All this time Pat had been working away with diligence, and having received the argus from the Parson, who soon found it among some of his miscellaneous stores, he produced a very respectable-looking fly.
“Well,” said the Squire, taking it to the window, “the fly is well tied, at all events; and I’ll use him the first time I go out.”
“Won’t your honour be going out to-day, then?” said Pat.  “The rain is nothing to speak of now; and I’ll engage we’ll make the dream come true.”
“To-day?” said the Squire.  “Why, you hear what they say of the water.  But I do not mind if I do; I want to walk.  Will you come, Parson?”
“Not with the rod,” said the Parson, laughing.  “I have had no dream; the Oracle has been silent to me: it is only the favourites of the good people who stand a chance.”
“I hope you do not suppose that I believe that nonsense of Pat’s?”
“Oh no; of course not; but I really have no fancy to go slopping through the wet grass and muddy roads for nothing.  Come, Captain, take a turn on the flags of Rose Isle.  Light your cigar, and come.”
“Well, here goes for the river!” said the Squire, putting on his Macintosh as he went down stairs; while Pat took down his rod and handed it to him out of the window; and the Scholar threw a shoe at him for luck.
“It will never do to fish this river to-morrow,” said the Captain, as they crossed the little bridge that connects Rose Isle with the main land; “it is perfectly impossible that the water should run clear so soon: look how it comes over the little fall; it is a regular flood.”

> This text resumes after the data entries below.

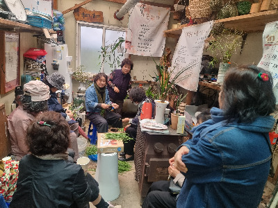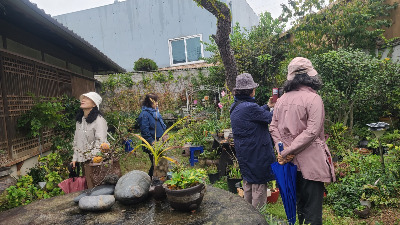 시장구경 갔던 팀도 합류를 하고 사온 쪽파 껍질을 다듬으며 차도 마시고 시장에서 사 온 단감도 깎아 먹으며 수다를 떤다. 아, 이런 게 사람 사는 맛이다. 그래 사람은 사람 냄새를 맡고 살아야 사는 맛이 나는 거다. 꽃 천사 꽃집에는 신기하고 기이한 꽃들도 많고 집안의 소나무는 몇십 년이 되었는지 엄청 큰 나무가 집안의 수호신처럼 우뚝 서 있다.
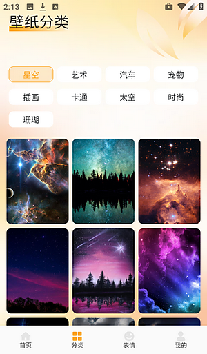 2、打开软件后,你会看到主界面,目光移到底部导航栏,找到那个“分类”选项点进去,就可以开始探索各种不同主题的壁纸了。
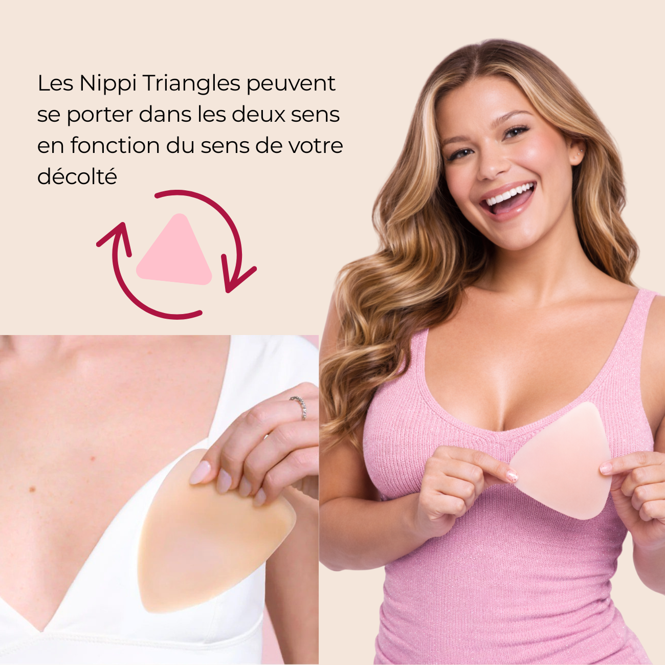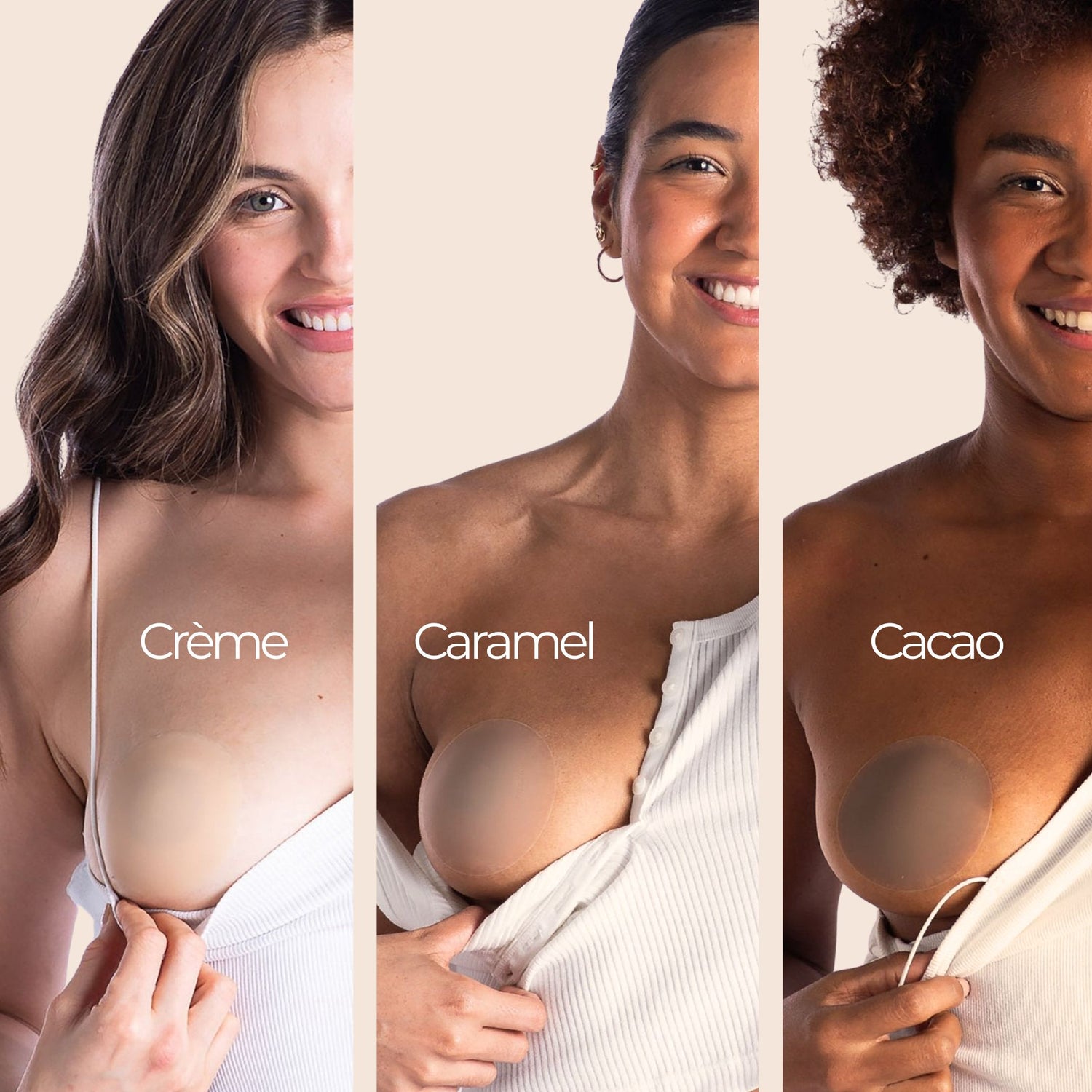 Alors, on a créé le premier cache-tétons qui couvre entièrement la poitrine, invisible, sans colle, ultra-confortable, qui adhère naturellement à la peau grâce à la chaleur corporelle.
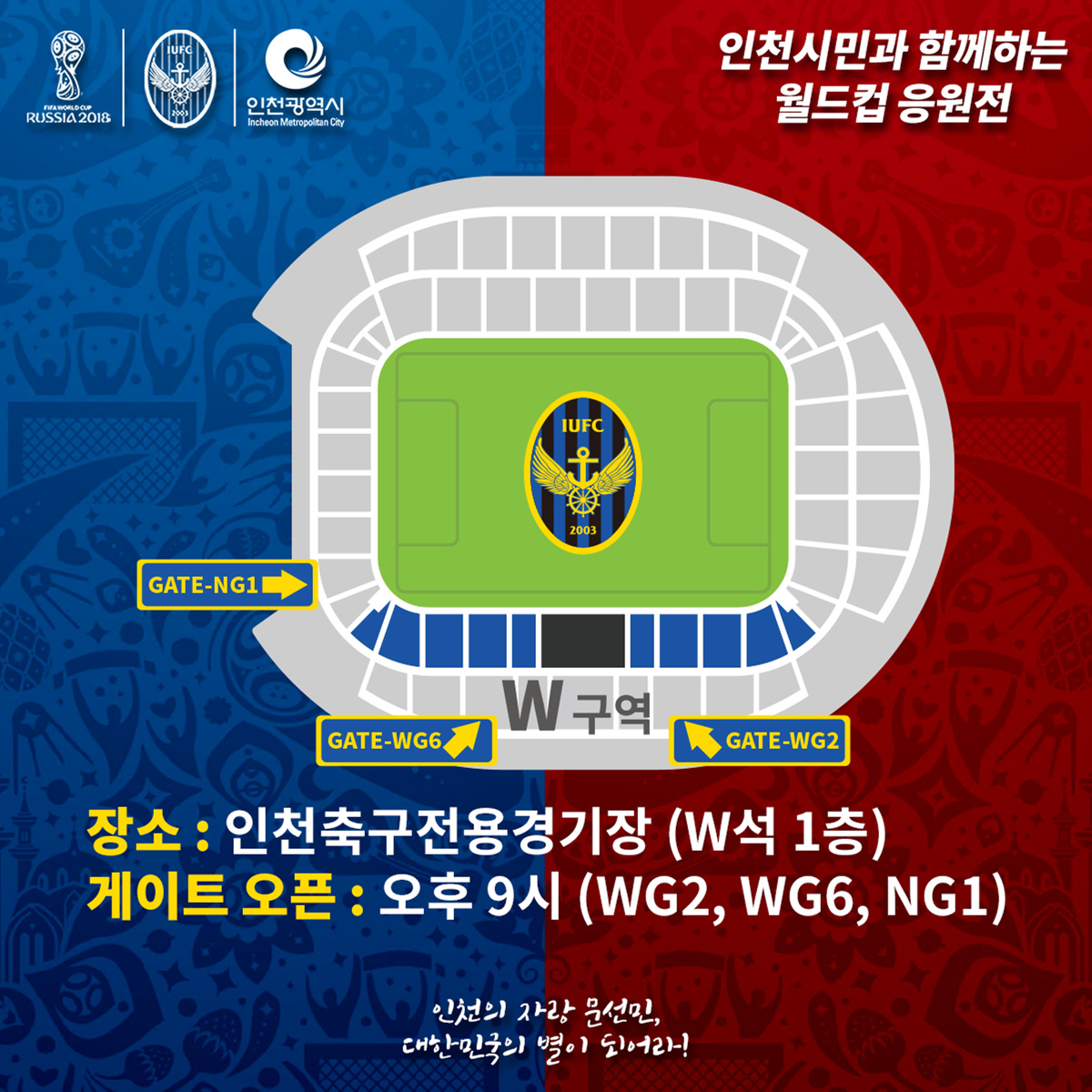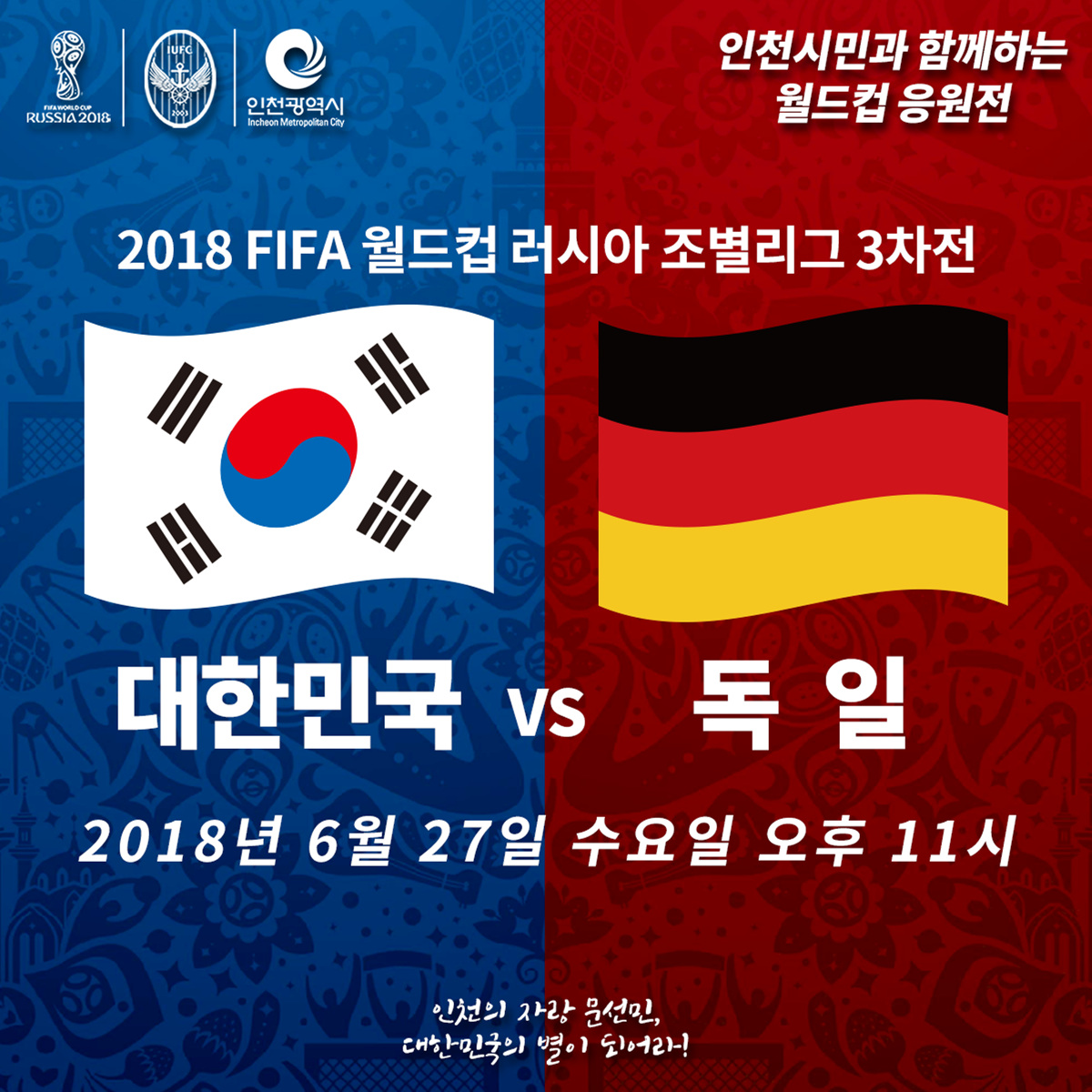 안녕하세요, 인천유나이티드입니다. 6월 27일 수요일 오후 11시 대한민국 축구 대표팀의 ‘2018 FIFA 러시아 월드컵’ 조별예선 3차전 독일전 승리를 기원하며 인천축구전용경기장에서 앞선 1, 2차전과 같이 ‘인천시민과 함께하는 월드컵 응원전’ 행사를 진행합니다. 인천광역시가 주최하고 인천유나이티드FC가 주관하는 이번 행사는 대한민국 축구 대표팀의 월드컵 선전을 기원하며 마련되었습니다.
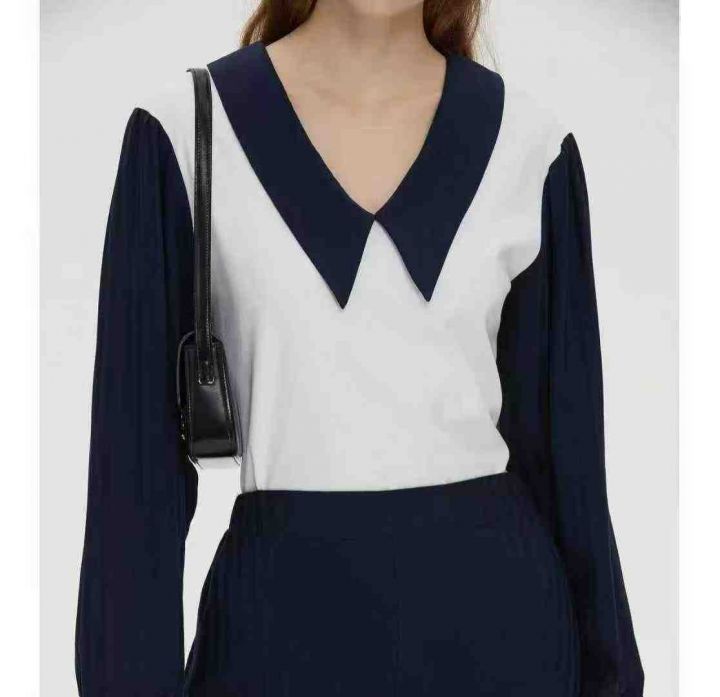 法式衬衫拼接雪纺灯笼袖设计假两件针织衫女新款V领上衣,独立包装,均码,3...
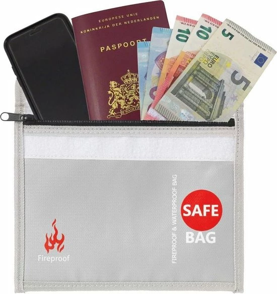 Let wel, de zak is hittebestendig en brandvertragend. Bij langdurige blootstelling aan groot, open vuur zal ook deze zak tekort komen, in samenstelling met een kluis zijn je documenten wΓ©l beveiligd!
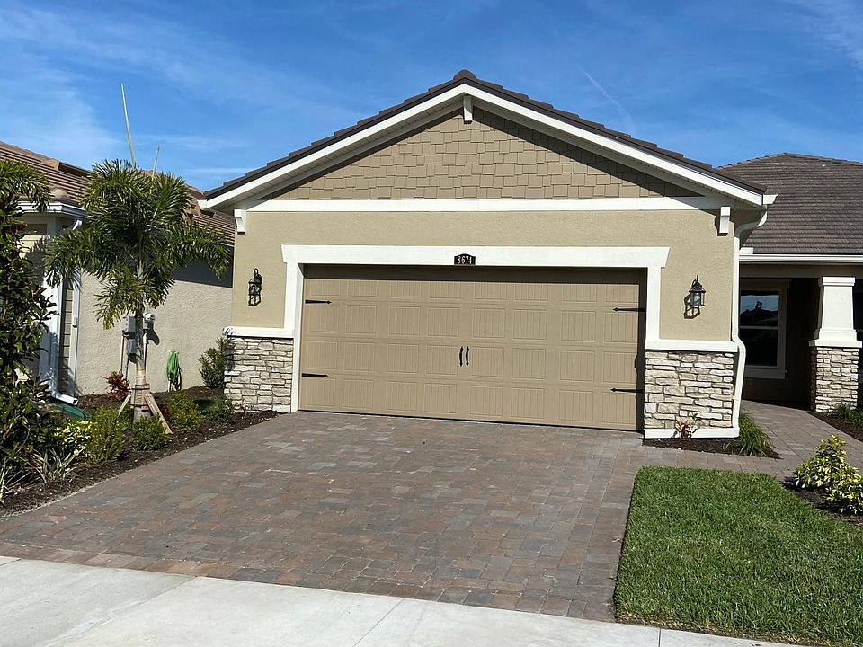 FURNISHED ATTACHED NEW VILLA WITH 2 CAR GARAGE. No Smoking. 2 bedrooms + den / 2 bathrooms with 2 car attached garage in prestigious new gated community of Sunrise Preserve. Outdoor screened lanai with furniture. Open kitchen with separate eat-in area. Video doorbell. Truck (like Tacoma or Tundra) will fit in the garage. Resort-style amenities, including a lap pool, clubhouse with well equipped fitness center (incl. Smith machine ) and sports courts. Convenient access to beaches, downtown and I-75. A-rated schools. Due at signing: 3200 (1 mo + $ 200 security deposit for community center), 1st, 2nd and last months. Renter responsible for utilities and internet. Pest control, lawn maintenance and garbage are included in the rent.
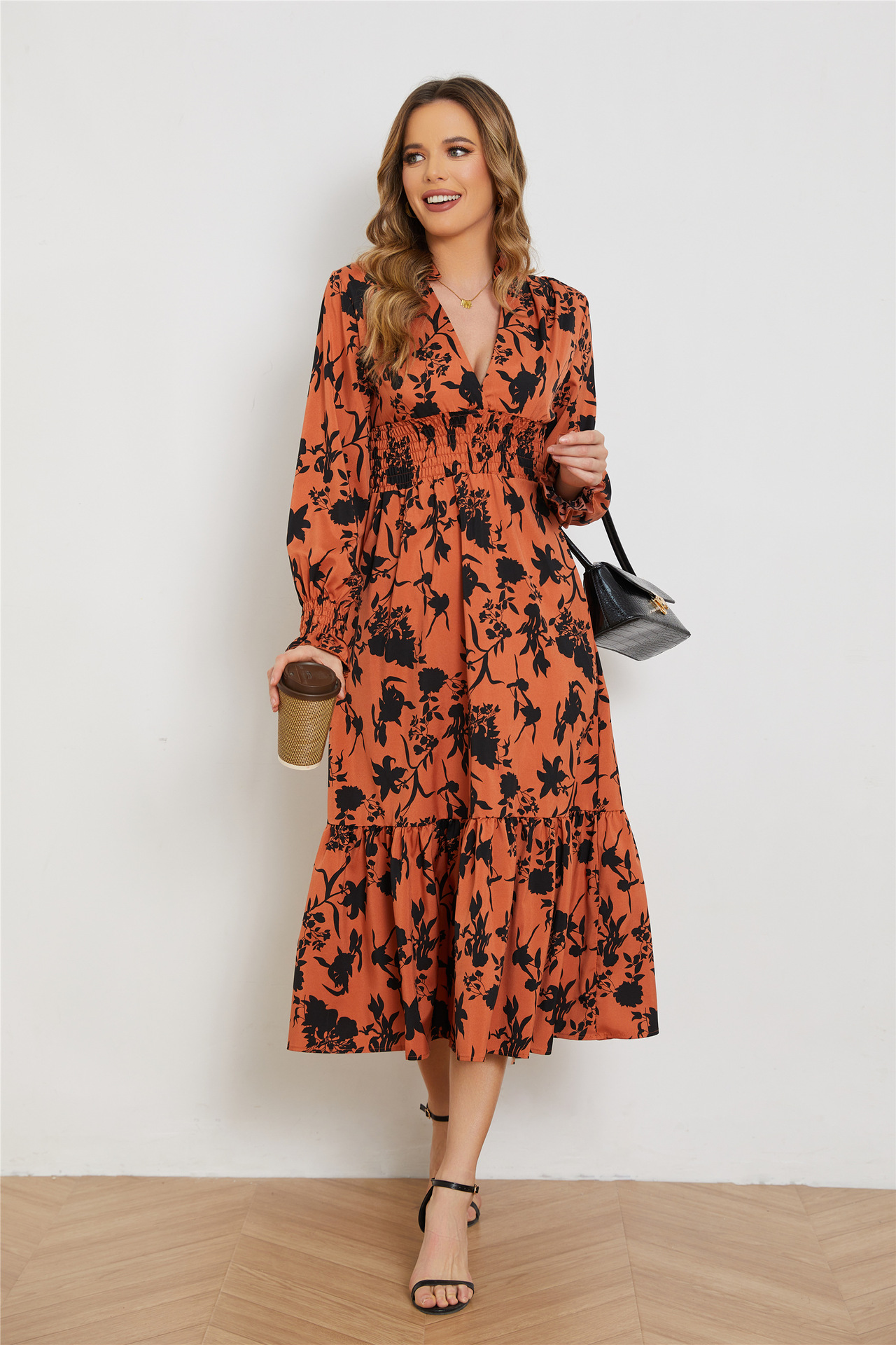 This bold maxi dress is a modern take on retro style. It features a V-neckline, long sleeves with smocked cuffs, and a smocked waist that creates a flattering fit, flowing into a tiered skirt adorned with a striking black floral print on an orange background. Crafted from a lightweight, flowy fabric, it offers both comfort and a sophisticated, head-turning look, perfect for date nights, cocktail parties, or any special occasion where you want to make a statement.
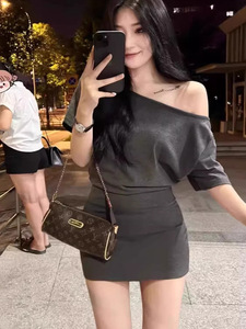 小个子收腰灰色斜肩包臀裙子女夏季新款纯欲辣妹风露肩连衣裙
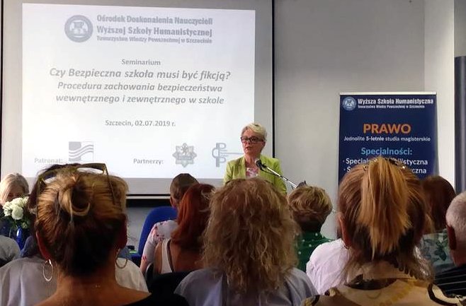 Seminarium dla nauczycieli, dyrektorów oraz pedagogów zachodniopomorskich szkół i placówek oświatowych "Czy bezpieczna szkoła musi być fikcją?" odbyło się we wtorek w Wyższej Szkole Humanistycznej Towarzystwa Wiedzy Powszechnej w Szczecinie. Zorganizował je Ośrodek Doskonalenia Nauczycieli WSH TWP w Szczecinie pod patronatem Zachodniopomorskiego Kuratorium Oświaty.

“We must try Lough Melvin again,” said the Parson.
“Why, the Squire will be having out those confounded cross-lines,” said the Captain, “and that is terrible slow work.  If we are to have a turn at lake-fishing, what do you say to Lough Derg?  We have none of us seen that.  But heavens and earth! What is this?” said he, interrupting himself.  “Why the Squire has caught a fish.  Look at that scoundrel, Pat Gallagher, holding it up to us in triumph as he goes over the bridge.  Why it’s not possible.  I will not believe it.”
But it was possible; and Pat, happy and triumphant, crossed over to the island, holding it up by the tail, followed by the Squire with the great rod on his shoulder.
“Did not I tell your reverence that we’d catch the fish to-day?”
“Honestly, now,” said the Captain, “have you had no secret ambassador at the fish-house?”
“Honestly, I caught this fish myself at Earl’s Throw,” said the Squire; “and had another rise, besides, at Mois Ruah.